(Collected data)
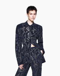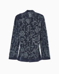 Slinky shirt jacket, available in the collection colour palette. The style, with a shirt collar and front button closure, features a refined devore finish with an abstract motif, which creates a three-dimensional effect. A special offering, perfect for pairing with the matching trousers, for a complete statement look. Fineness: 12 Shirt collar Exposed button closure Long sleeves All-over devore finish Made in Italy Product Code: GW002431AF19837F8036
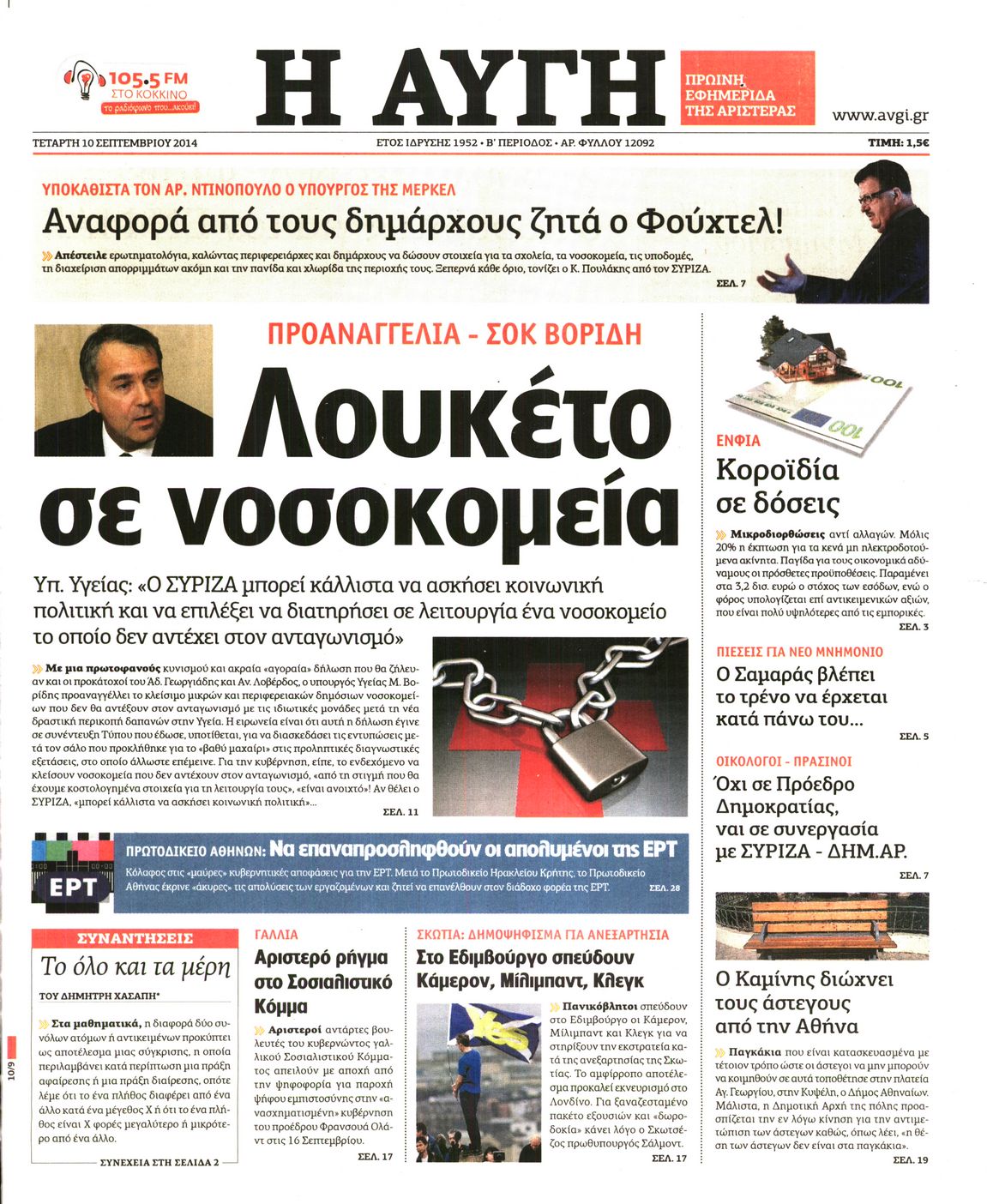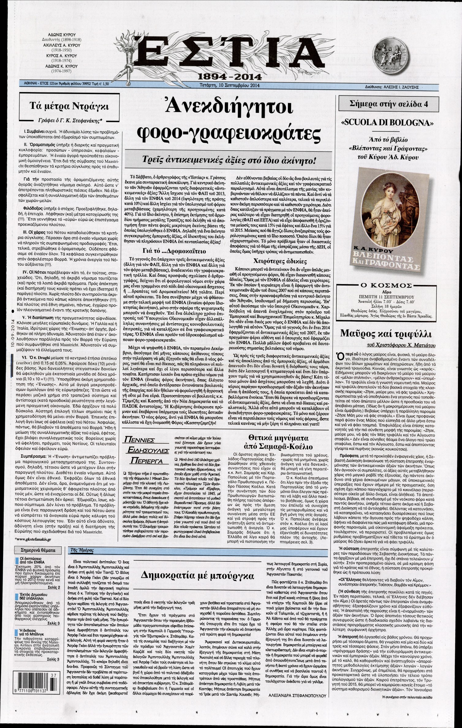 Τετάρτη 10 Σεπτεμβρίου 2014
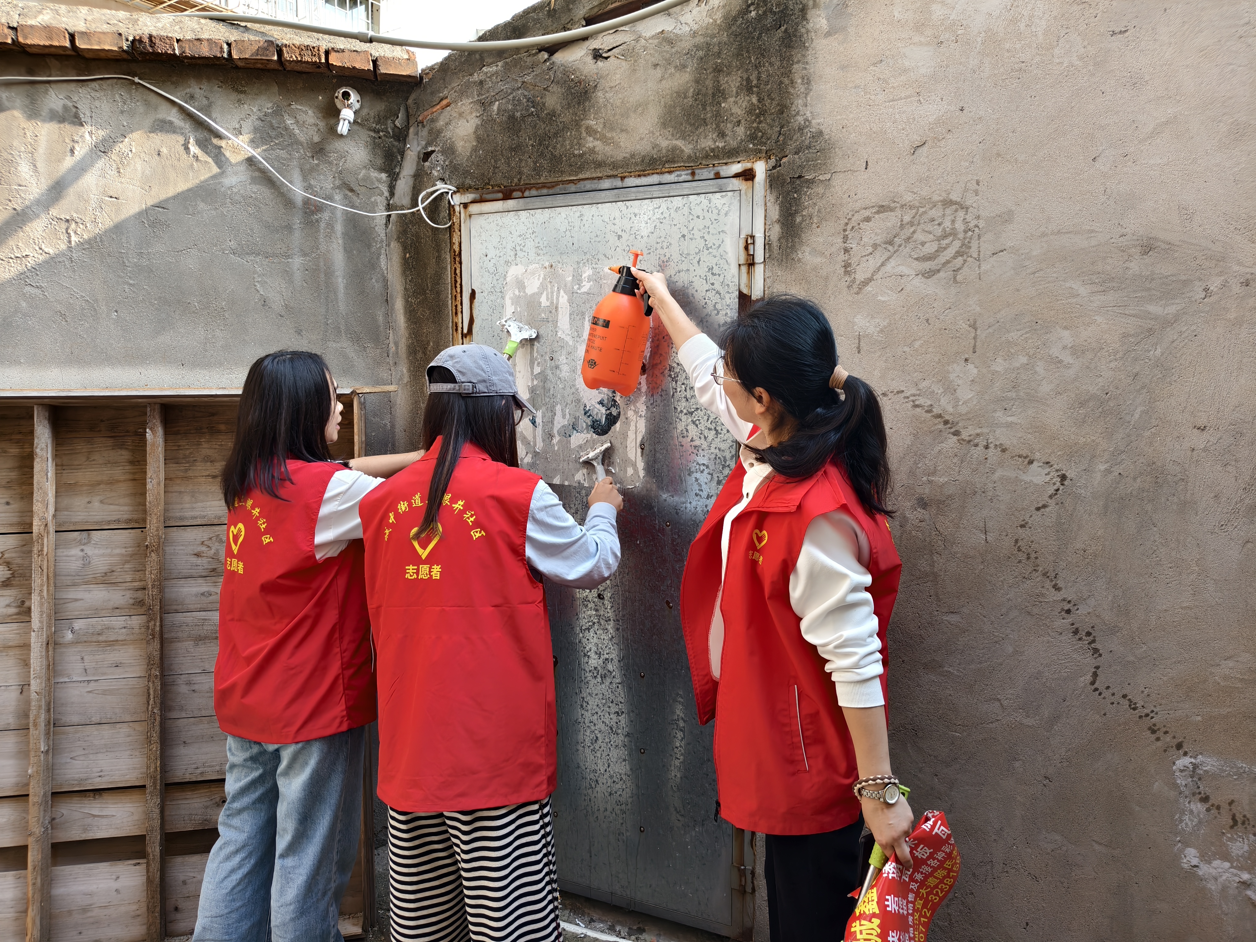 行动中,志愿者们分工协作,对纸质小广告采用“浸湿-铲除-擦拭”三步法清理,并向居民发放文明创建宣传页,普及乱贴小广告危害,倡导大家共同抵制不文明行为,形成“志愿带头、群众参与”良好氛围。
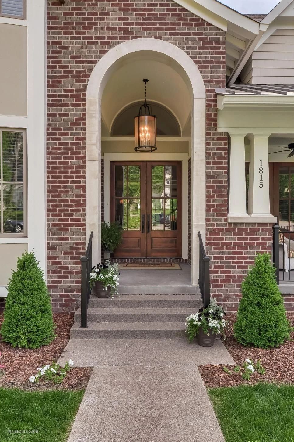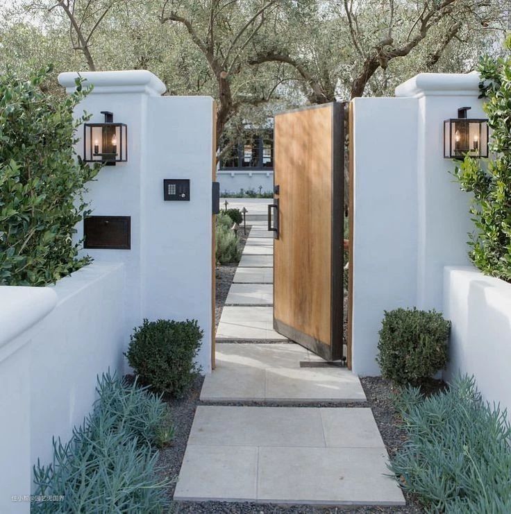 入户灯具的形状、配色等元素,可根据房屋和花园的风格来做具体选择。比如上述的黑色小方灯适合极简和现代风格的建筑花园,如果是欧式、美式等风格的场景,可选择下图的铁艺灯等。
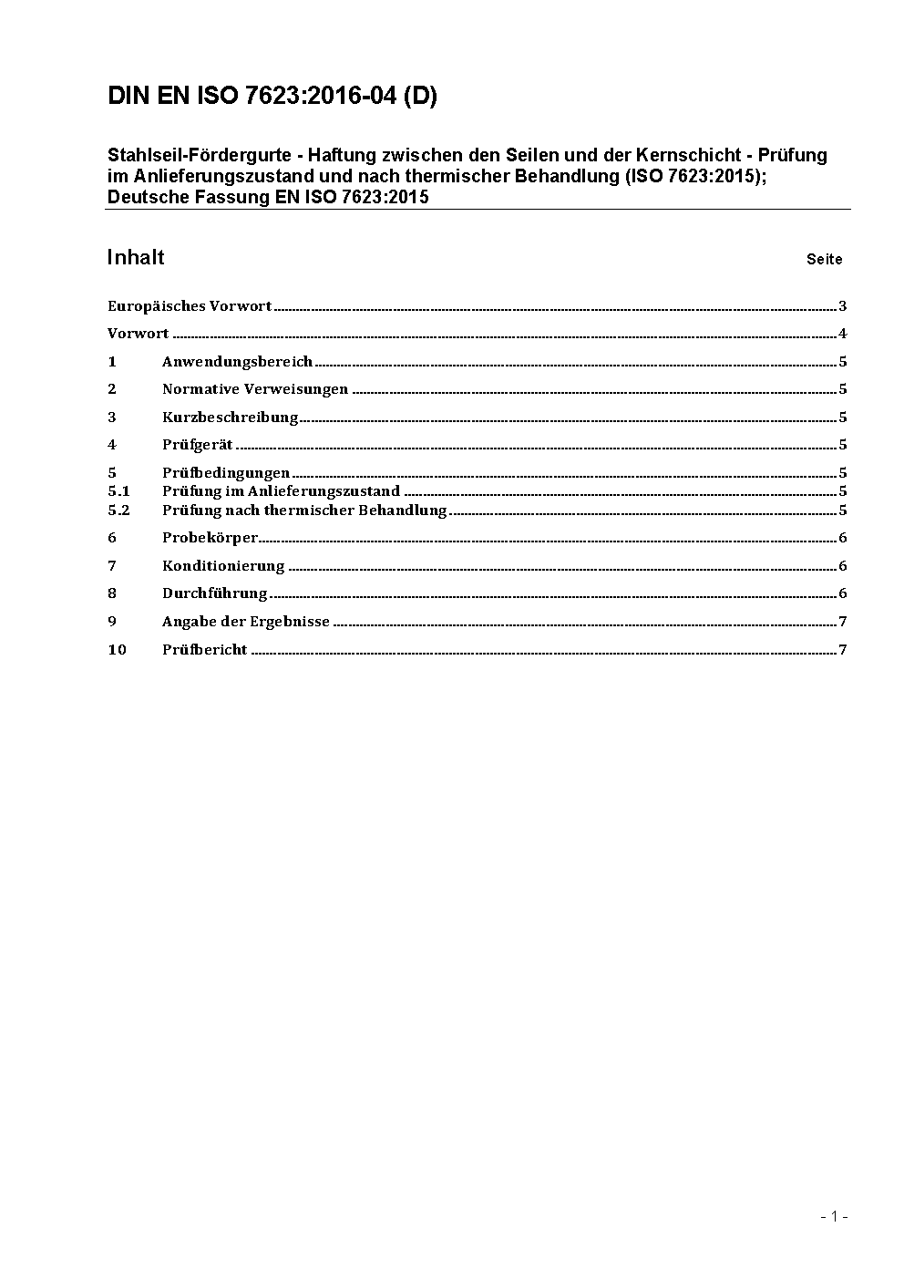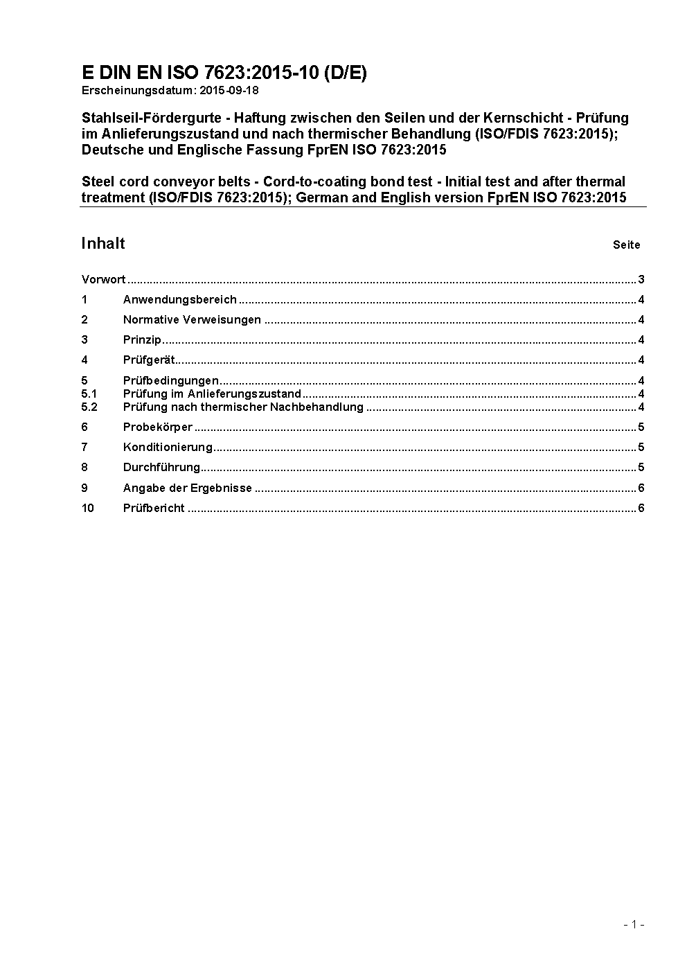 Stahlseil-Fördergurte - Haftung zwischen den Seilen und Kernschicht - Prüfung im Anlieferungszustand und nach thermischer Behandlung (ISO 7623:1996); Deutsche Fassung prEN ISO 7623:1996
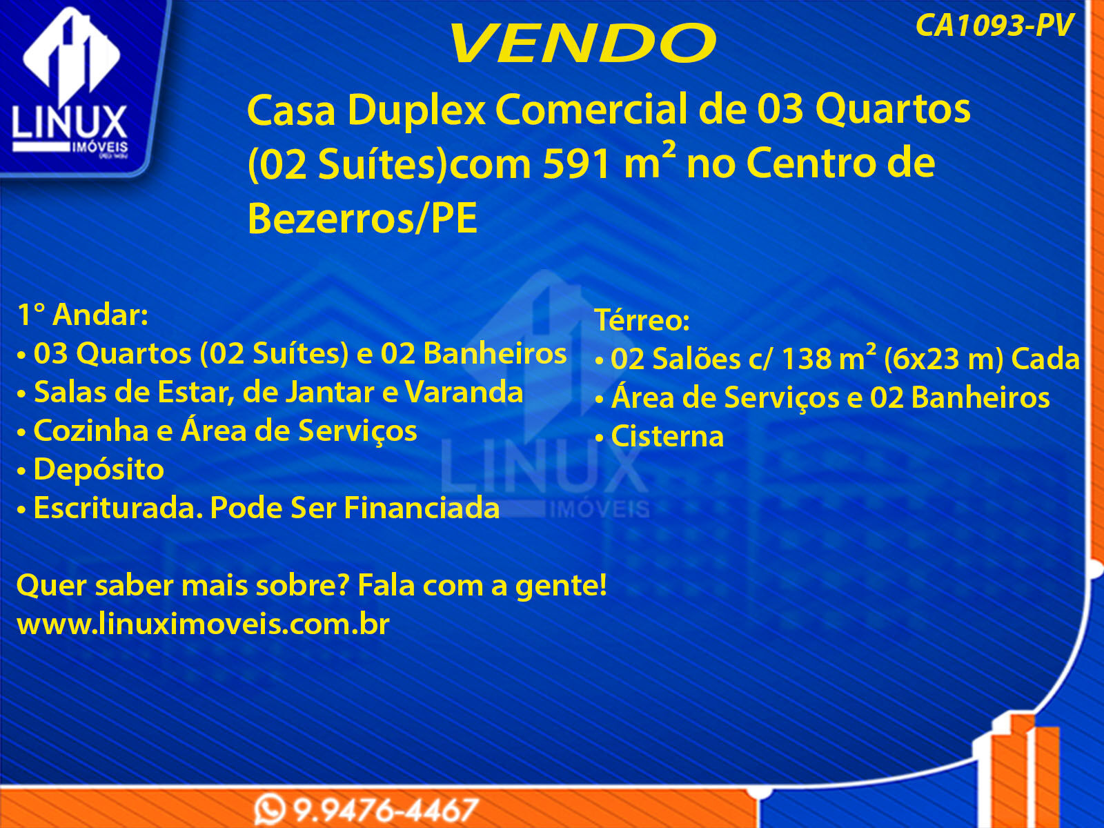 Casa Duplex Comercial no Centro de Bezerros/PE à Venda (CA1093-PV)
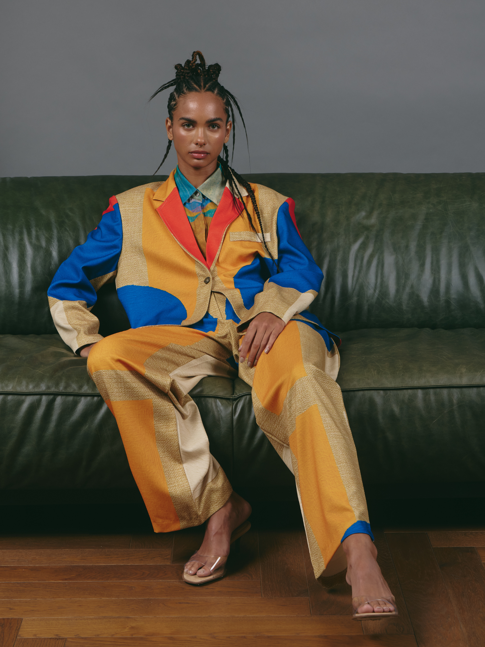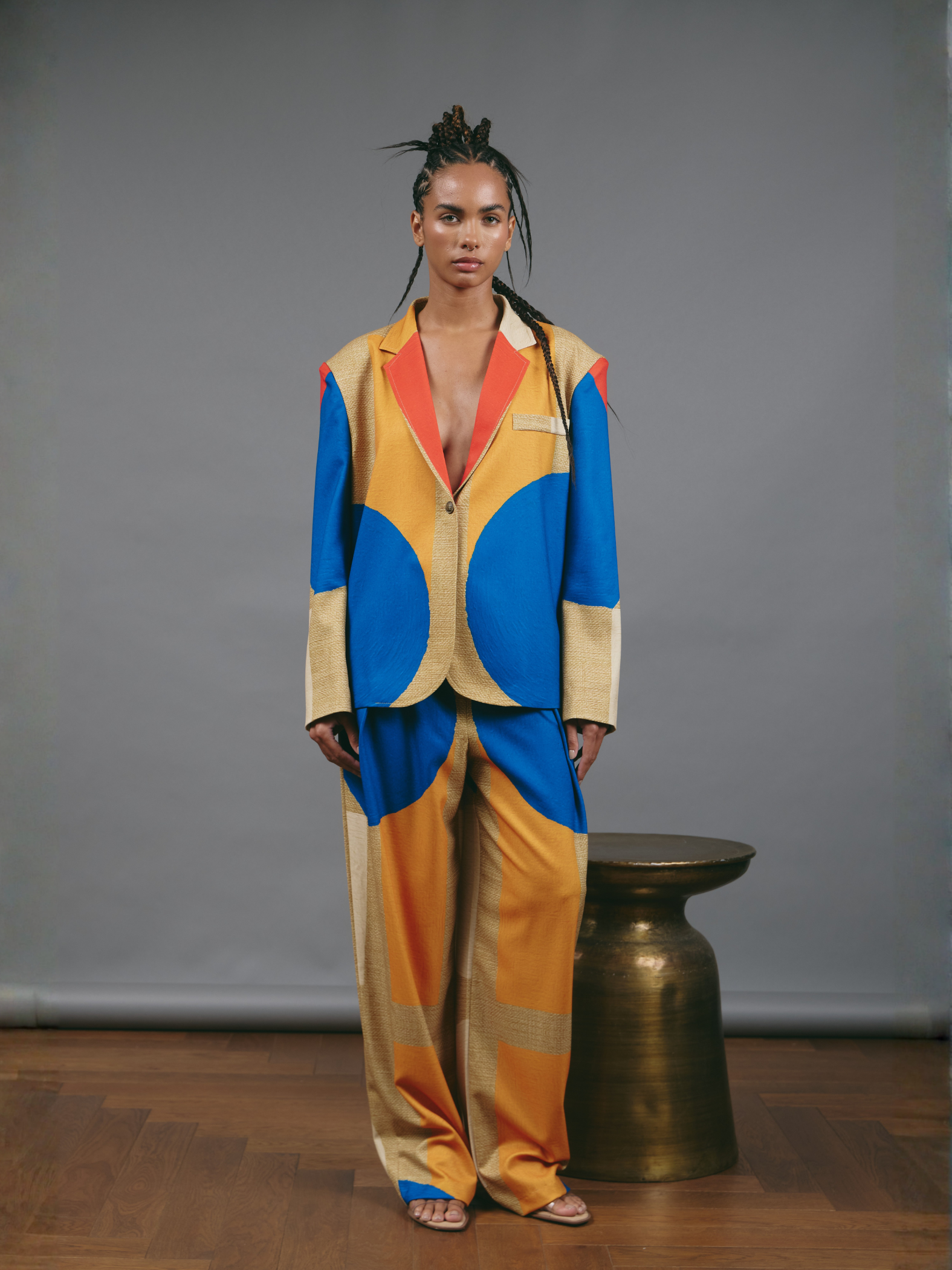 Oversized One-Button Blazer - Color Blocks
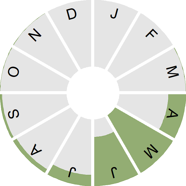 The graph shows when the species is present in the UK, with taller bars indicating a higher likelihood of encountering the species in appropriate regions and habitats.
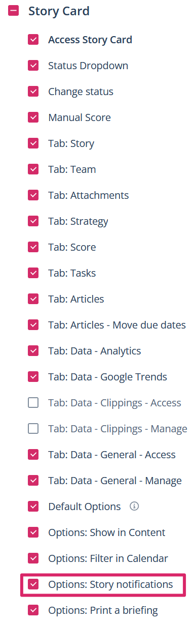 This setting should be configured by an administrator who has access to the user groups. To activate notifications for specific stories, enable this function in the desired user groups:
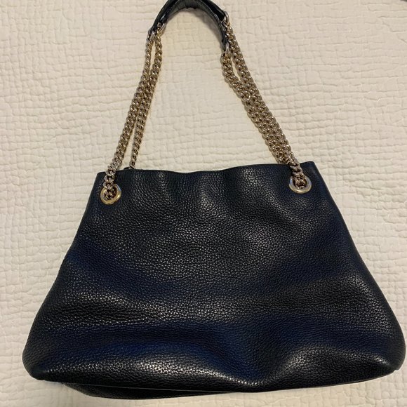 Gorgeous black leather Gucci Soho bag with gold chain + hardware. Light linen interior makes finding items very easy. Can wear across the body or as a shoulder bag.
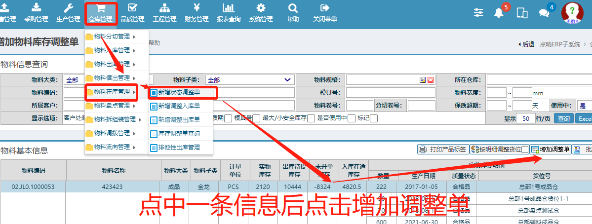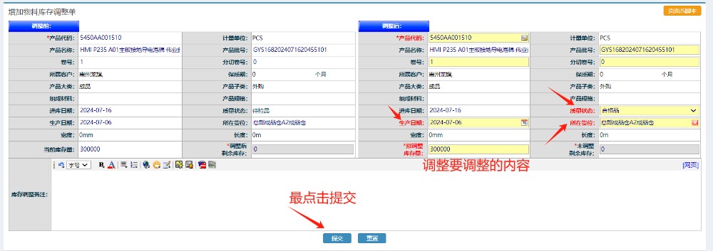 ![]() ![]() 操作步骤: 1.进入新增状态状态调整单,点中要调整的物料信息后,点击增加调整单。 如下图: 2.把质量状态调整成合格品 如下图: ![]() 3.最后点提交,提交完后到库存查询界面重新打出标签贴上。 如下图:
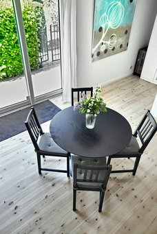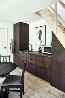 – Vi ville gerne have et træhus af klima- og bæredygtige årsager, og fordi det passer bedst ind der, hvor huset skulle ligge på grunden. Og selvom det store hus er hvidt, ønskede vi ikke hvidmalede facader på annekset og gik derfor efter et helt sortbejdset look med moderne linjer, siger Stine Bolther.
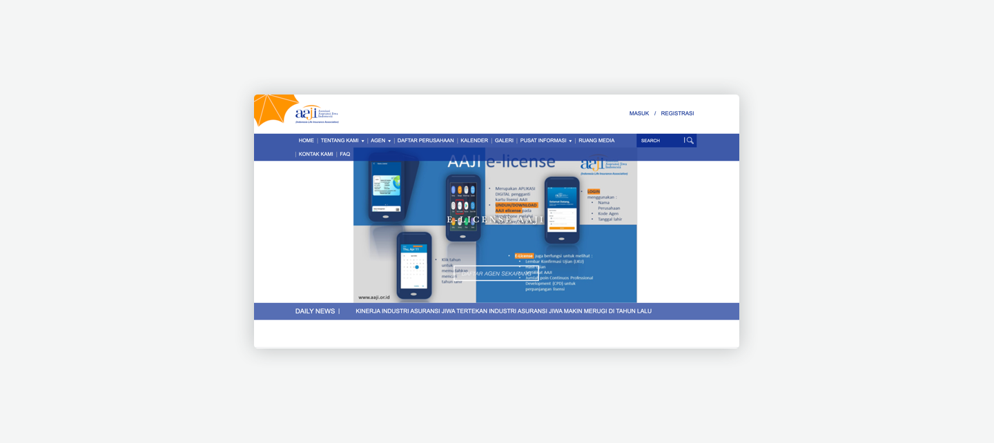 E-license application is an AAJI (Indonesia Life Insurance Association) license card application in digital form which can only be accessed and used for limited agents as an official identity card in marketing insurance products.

# [EXERCISE]
Quote the lines above exactly, starting with the one that has "Τετάρτη 10 Σεπτεμβρίου 2014" and ending with the one that has "The graph shows"; drop the pictures and include nothing else.

# [RESULT FOR THIS TASK]
 Τετάρτη 10 Σεπτεμβρίου 2014
 行动中,志愿者们分工协作,对纸质小广告采用“浸湿-铲除-擦拭”三步法清理,并向居民发放文明创建宣传页,普及乱贴小广告危害,倡导大家共同抵制不文明行为,形成“志愿带头、群众参与”良好氛围。
 入户灯具的形状、配色等元素,可根据房屋和花园的风格来做具体选择。比如上述的黑色小方灯适合极简和现代风格的建筑花园,如果是欧式、美式等风格的场景,可选择下图的铁艺灯等。
 Stahlseil-Fördergurte - Haftung zwischen den Seilen und Kernschicht - Prüfung im Anlieferungszustand und nach thermischer Behandlung (ISO 7623:1996); Deutsche Fassung prEN ISO 7623:1996
 Casa Duplex Comercial no Centro de Bezerros/PE à Venda (CA1093-PV)
 Oversized One-Button Blazer - Color Blocks
 The graph shows when the species is present in the UK, with taller bars indicating a higher likelihood of encountering the species in appropriate regions and habitats.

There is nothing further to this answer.